■ Work to be completed ■
Print the entries exactly; skip the pictures.

Saved data entries:
━━━━

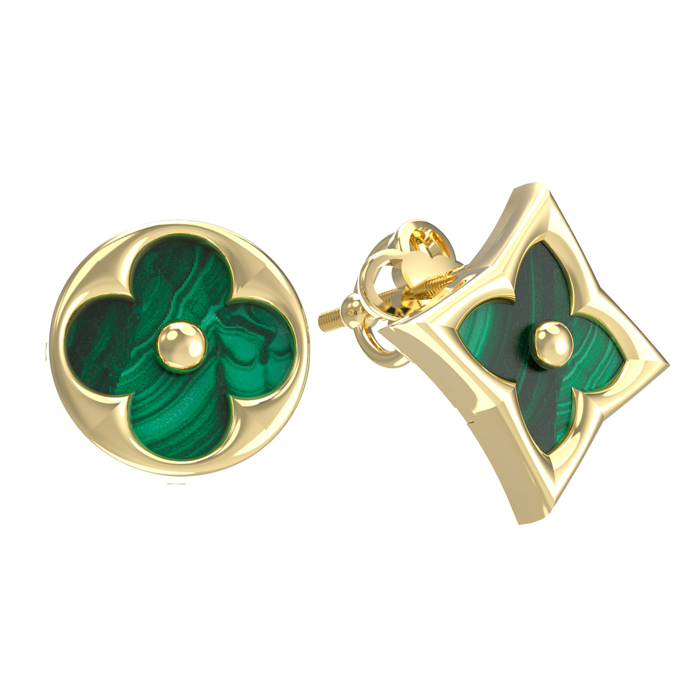 Серьги из лимонного золота c малахитом
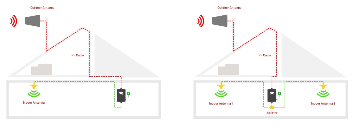 In order to improve indoor coverage you can try to adjust the position of the antennas so that they don't face any physical obstacle. If, having done so, the coverage is still insufficient, you can add another indoor antenna, which will be connected to the main unit with a splitter. Check out our accessories page for all the necessary equipment to enhance your signal booster setup.
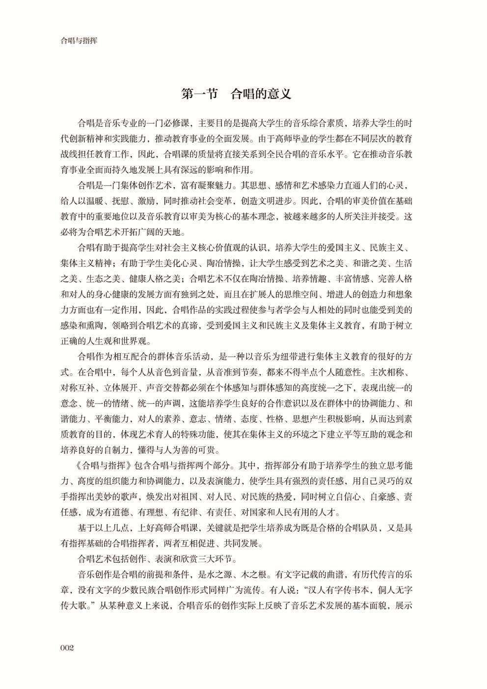 为了适应高等院校《合唱与指挥》这门课程的教学,笔者围绕着合唱的历史、合唱的基本知识、合唱的声音训练及协调,指挥技巧、合唱的处理办法和组织能力等方面、编著了《合唱与指挥》一书。其宗旨是:让大学生通过合唱与指挥的理论学习和教学实践,提高自己的音乐知识和艺术修养,懂得音乐之美,合唱之美;初步掌握合唱的基本知识、训练方法、组织能力和指挥能力,以及怎样当好一名合格的合唱队员和怎样做好一名合格的指挥等。为大学生在未来的教师生涯中,用合唱这种艺术形式,指导教学实践奠定良好基础。
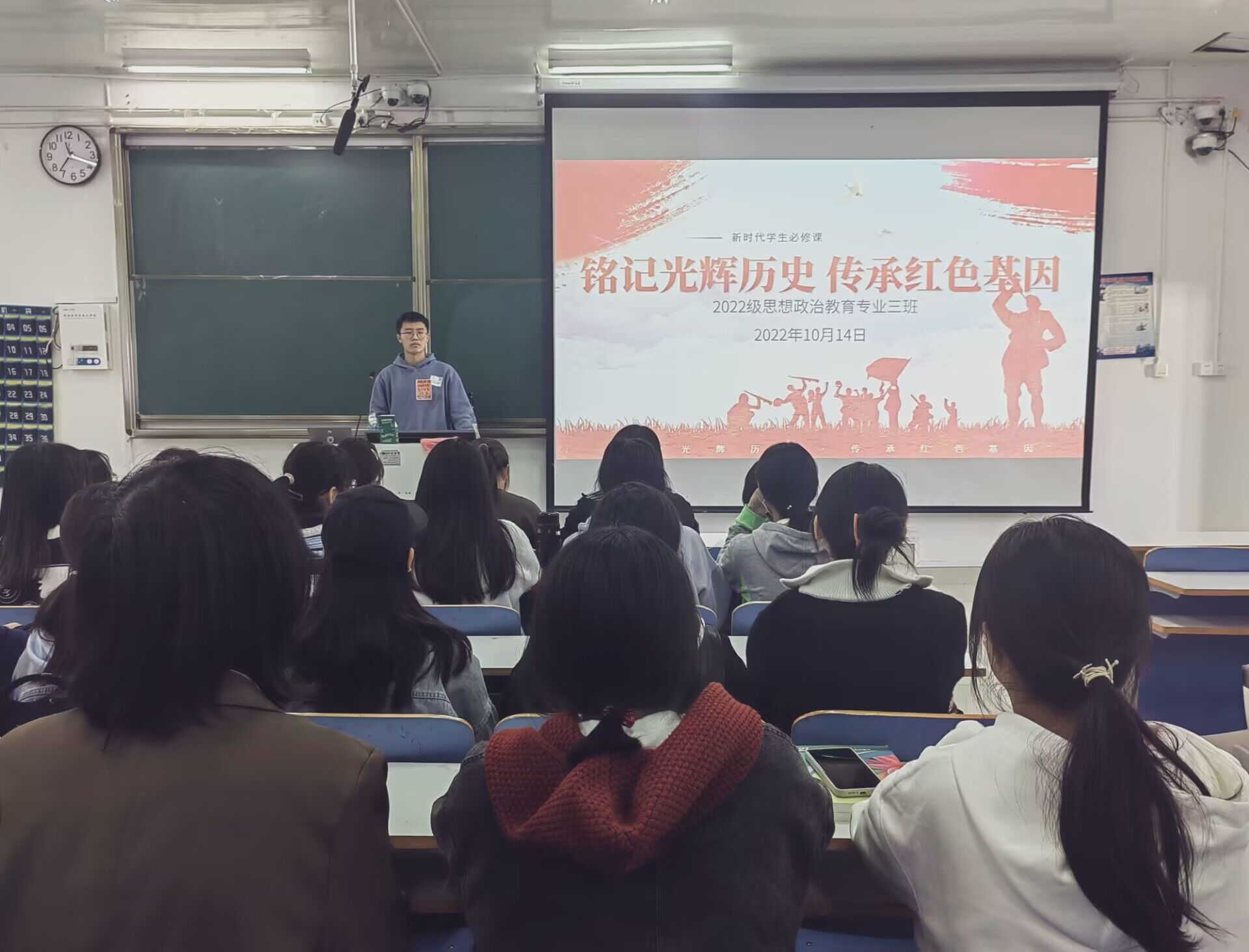 10月14日上午,小说狂人 2022级思想政治教育三班在社科楼514教室召开“铭记光辉历史,传承红色基因”主题班会。2022级思想政治教育三班全体成员共同参加本次班会,班会由团支书余浩洋主持。
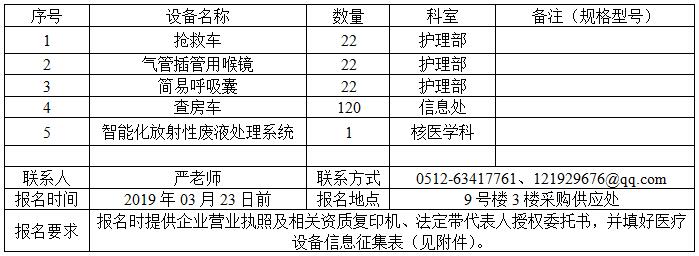 抢救车等项目的采购报名通知
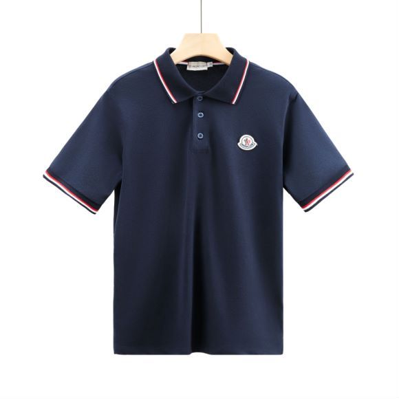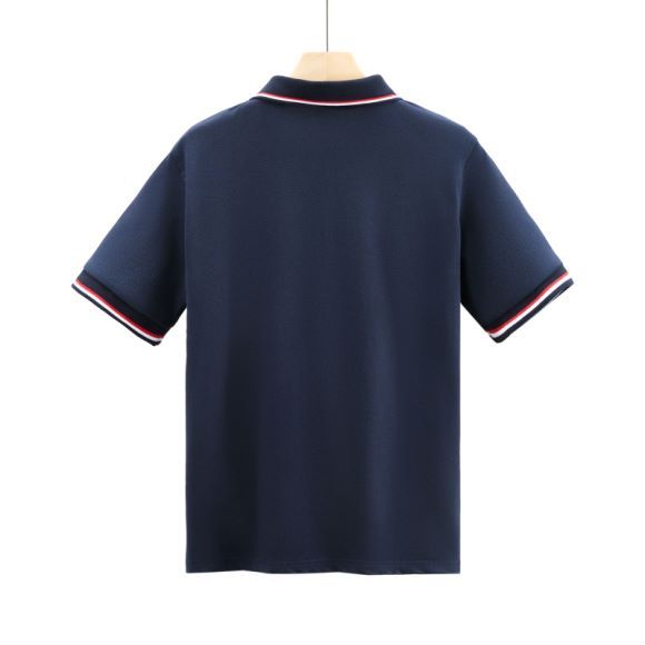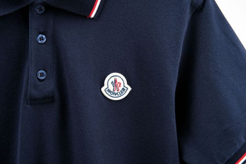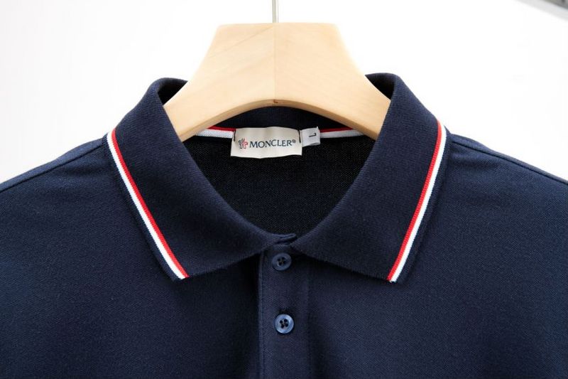 MONCLER темно-синее поло с цветными манжетами и стильным воротником
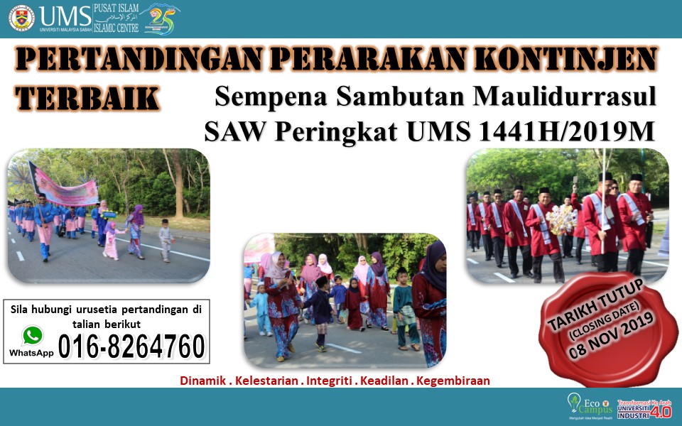 Sila sahkan kehadiran Ybhg Prof./Dr./Tuan/Puan dengan menghubungi Puan Imelda Joanes ditalian sambungan:5580 atau melalui emel : Alamat emel ini dilindungi dari Spambot. Anda perlu hidupkan JavaScript untuk melihatnya.. Sila layari laman web IPB (http://www.ums.edu.my/ipbv2/) untuk maklumat lanjut.
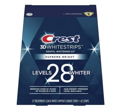 Отбеливающие полоски Crest 3D White Whitestrips Supreme FlexFit. Это последняя разработка американских ученых в области профессионального отбеливания зубов и ухода за полостью рта. Эти полоски вместили в себя все самые последние технологии в отбеливании зубов. Теперь отбеливание стало ещё эффективнее и при этом более комфортным. Новая формула отбеливающих полосок Supreme FlexFit позволяет проходить курс отбеливания практически без дискомфорта и повышения чувствительности зубов. Технология "No Slip" и новая форма самих полосок помогает им ещё крепче держаться на зубах и не соскальзывать. А инновационная технология "FlexFit" позволяет полоскам растягиваться и принимать любую форму, основываясь на индивидуальных особенностях зубов каждого человека. Эта технология делает полоски ещё длиннее, что позволяет охватить больше поверхности для отбеливания.Теперь Вам достаточно использовать отбеливающие полоски всего 21 день для достижения высокого, профессионального уровня отбеливания зубов. Результат после прохождения курса отбеливания полосками Supreme FlexFit приравнивается к результату процедуры лазерного отбеливания зубов!
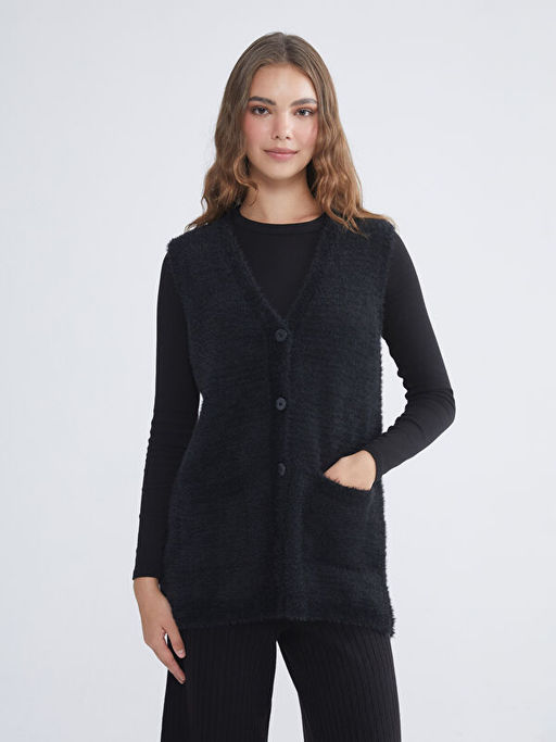 B?y?k Beden V Yaka Kad?n Pel?? Yelek

━━━━

■ Task result ■
 Серьги из лимонного золота c малахитом
 In order to improve indoor coverage you can try to adjust the position of the antennas so that they don't face any physical obstacle. If, having done so, the coverage is still insufficient, you can add another indoor antenna, which will be connected to the main unit with a splitter. Check out our accessories page for all the necessary equipment to enhance your signal booster setup.
 为了适应高等院校《合唱与指挥》这门课程的教学,笔者围绕着合唱的历史、合唱的基本知识、合唱的声音训练及协调,指挥技巧、合唱的处理办法和组织能力等方面、编著了《合唱与指挥》一书。其宗旨是:让大学生通过合唱与指挥的理论学习和教学实践,提高自己的音乐知识和艺术修养,懂得音乐之美,合唱之美;初步掌握合唱的基本知识、训练方法、组织能力和指挥能力,以及怎样当好一名合格的合唱队员和怎样做好一名合格的指挥等。为大学生在未来的教师生涯中,用合唱这种艺术形式,指导教学实践奠定良好基础。
 10月14日上午,小说狂人 2022级思想政治教育三班在社科楼514教室召开“铭记光辉历史,传承红色基因”主题班会。2022级思想政治教育三班全体成员共同参加本次班会,班会由团支书余浩洋主持。
 抢救车等项目的采购报名通知
 MONCLER темно-синее поло с цветными манжетами и стильным воротником
 Sila sahkan kehadiran Ybhg Prof./Dr./Tuan/Puan dengan menghubungi Puan Imelda Joanes ditalian sambungan:5580 atau melalui emel : Alamat emel ini dilindungi dari Spambot. Anda perlu hidupkan JavaScript untuk melihatnya.. Sila layari laman web IPB (http://www.ums.edu.my/ipbv2/) untuk maklumat lanjut.
 Отбеливающие полоски Crest 3D White Whitestrips Supreme FlexFit. Это последняя разработка американских ученых в области профессионального отбеливания зубов и ухода за полостью рта. Эти полоски вместили в себя все самые последние технологии в отбеливании зубов. Теперь отбеливание стало ещё эффективнее и при этом более комфортным. Новая формула отбеливающих полосок Supreme FlexFit позволяет проходить курс отбеливания практически без дискомфорта и повышения чувствительности зубов. Технология "No Slip" и новая форма самих полосок помогает им ещё крепче держаться на зубах и не соскальзывать. А инновационная технология "FlexFit" позволяет полоскам растягиваться и принимать любую форму, основываясь на индивидуальных особенностях зубов каждого человека. Эта технология делает полоски ещё длиннее, что позволяет охватить больше поверхности для отбеливания.Теперь Вам достаточно использовать отбеливающие полоски всего 21 день для достижения высокого, профессионального уровня отбеливания зубов. Результат после прохождения курса отбеливания полосками Supreme FlexFit приравнивается к результату процедуры лазерного отбеливания зубов!
 B?y?k Beden V Yaka Kad?n Pel?? Yelek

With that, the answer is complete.